Jake Winter

Personal information
- Full name: Jake Liam Winter
- Born: 2 June 1997 (age 29)
- Batting: Right-handed
- Bowling: Right-arm offbreak
- Role: Opening batsman

Domestic team information
- 2017: South Australia
- Only First-class: 8 December 2016 Cricket Australia XI v Pakistanis

Career statistics
| Competition | FC | LA |
| Matches | 1 | 2 |
| Runs scored | 39 | 44 |
| Batting average | 19.50 | 22.00 |
| 100s/50s | 0/0 | 0/0 |
| Top score | 39 | 24 |
| Catches/stumpings | 2/- | 0/- |
- Source: Cricinfo, 15 February 2024

= Jake Winter =

Australian cricketer

Jake Winter (born 2 June 1997) is an Australian cricketer. He made his first-class debut for Cricket Australia XI during Pakistan's tour of Australia on 8 December 2016.

==Youth career==
Winter started his career playing grade cricket for Glenelg, playing regularly at B-grade level by the 2013–14 season when he was sixteen years old. In January 2014 he represented South Australia in the national under-17 cricket championships and was named the player of the tournament, scoring a tournament-high 389 runs with a batting average of 77.80. In the 2014–15 season he made his A-grade debut for Glenelg, but he suffered a fractured hip and torn hip flexor during the game. He returned to cricket two months later through B-grade before he was called up to play for South Australia in the under-19 national championships in January 2015 as one of the state's two co-captains. He performed well in the tournament and went on to play for Australia's national youth team. He played three Youth One Day Internationals for Australia, all against Sri Lanka.

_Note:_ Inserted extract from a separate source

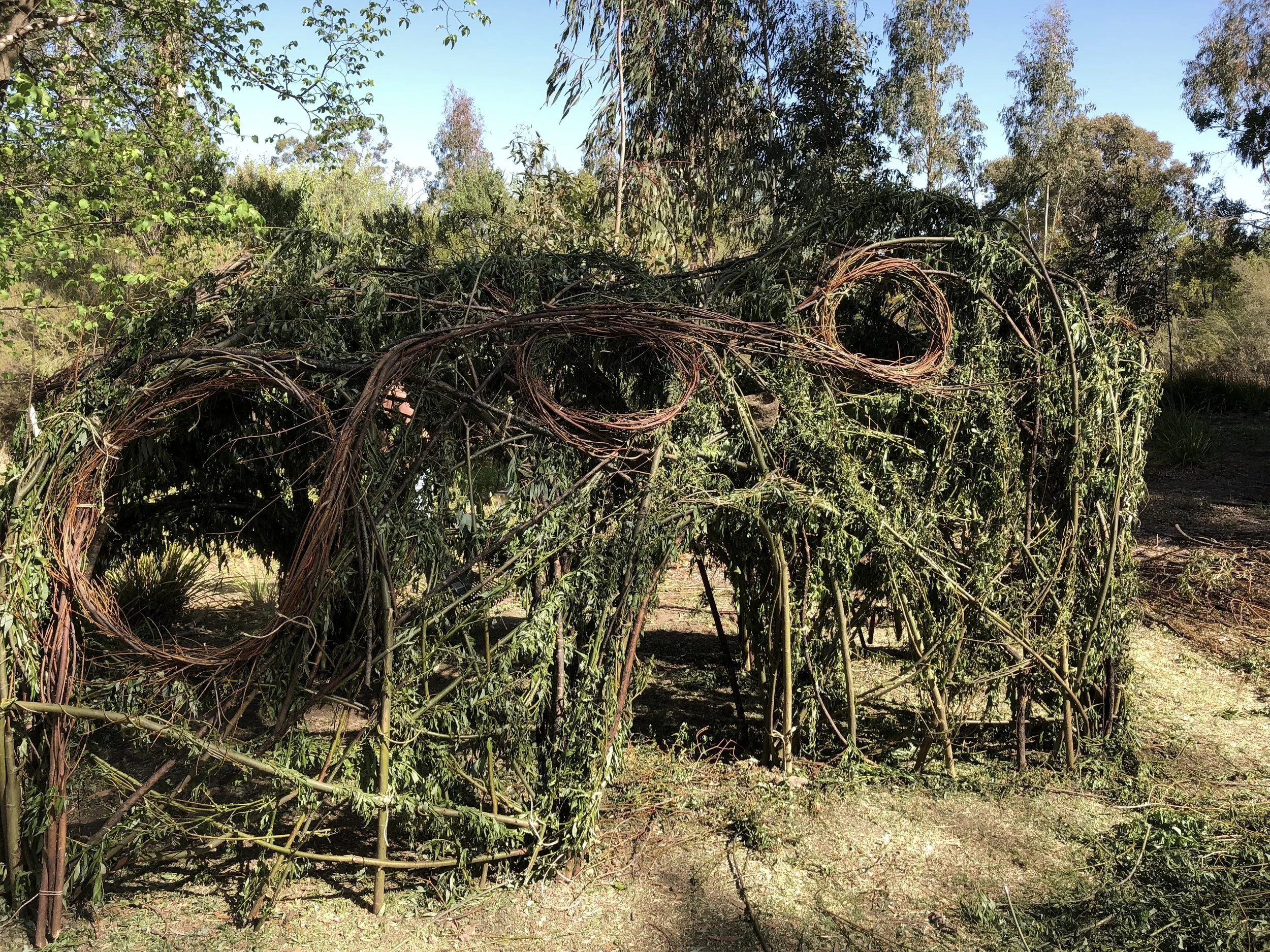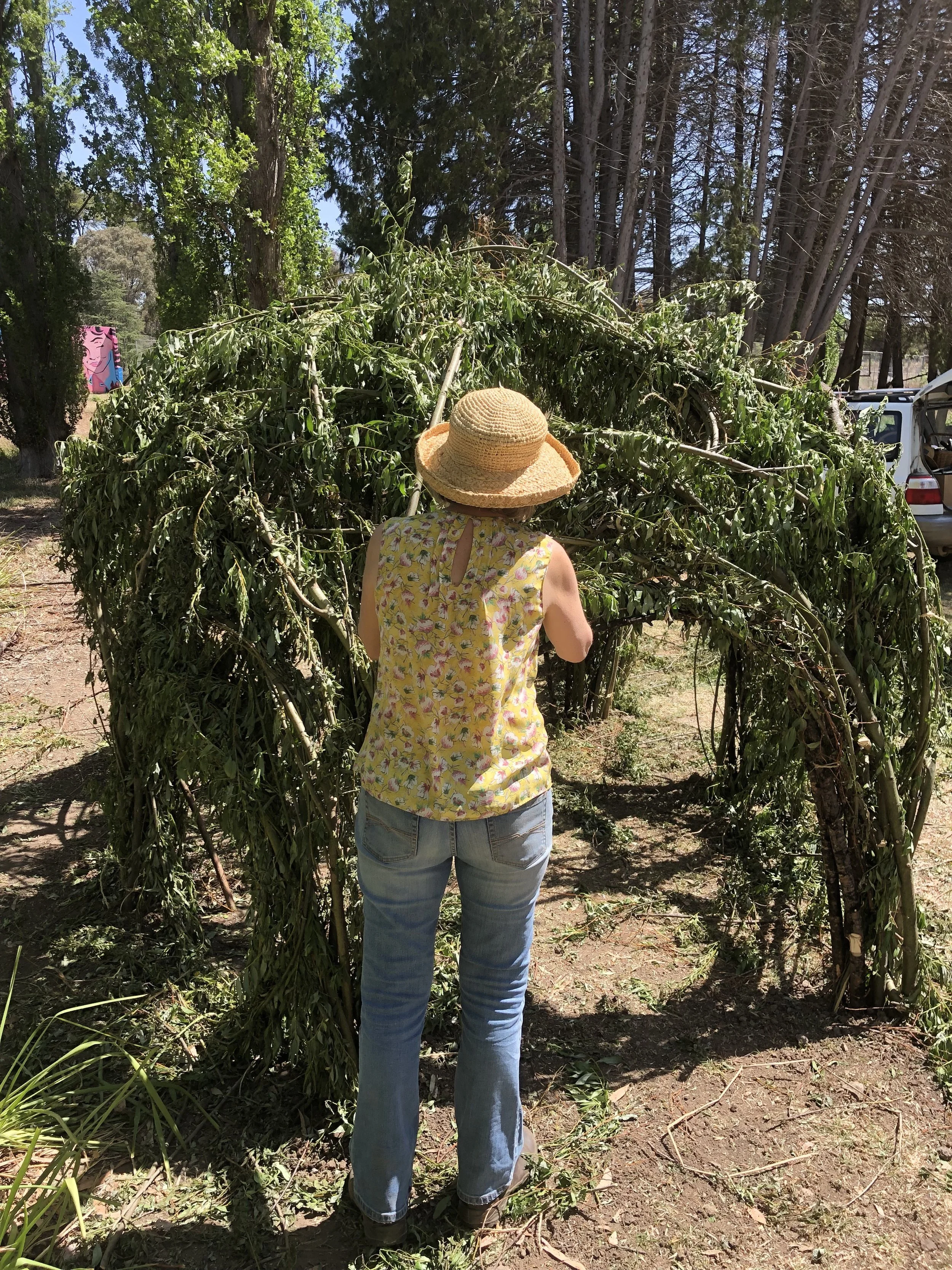 Leading up to the 2019 Black Gully Festival I embarked on a larger bower, cutting many trailer loads of willow from up and down Black Gully. With a few helpers we embarked on the construction of a modest willow bower.

==Rise to domestic cricket==
After scoring 276 runs at an average of 55.20 in the Redbacks League, Winter scored a century in the first round of the grade cricket season in 2016–17 and became the first person nominated to win the premier grade's rising star award, the Jason Gillespie Medal. He then made his debut for South Australia in the Futures League, scoring 144 runs against the ACT Comets, resulting in his inclusion in a South Australia XI against the touring South Africa national cricket team. Against an international standard attack he teamed up with Tim Ludeman for a 159-run fourth-wicket partnership, scoring 63 runs himself. He continued his strong start to the season with another grade cricket century

Winter was selected for another tour match, this time for a Cricket Australia XI against the touring Pakistan national cricket team. On a slow wicket he top-scored for the Cricket Australia XI, leading a game-high partnership of 57 runs with Matthew Short. At the end of the season his form was rewarded with both the Jason Gillespie Medal as South Australia's grade cricket Rising Star and a rookie contract with South Australia for the 2017–18 season.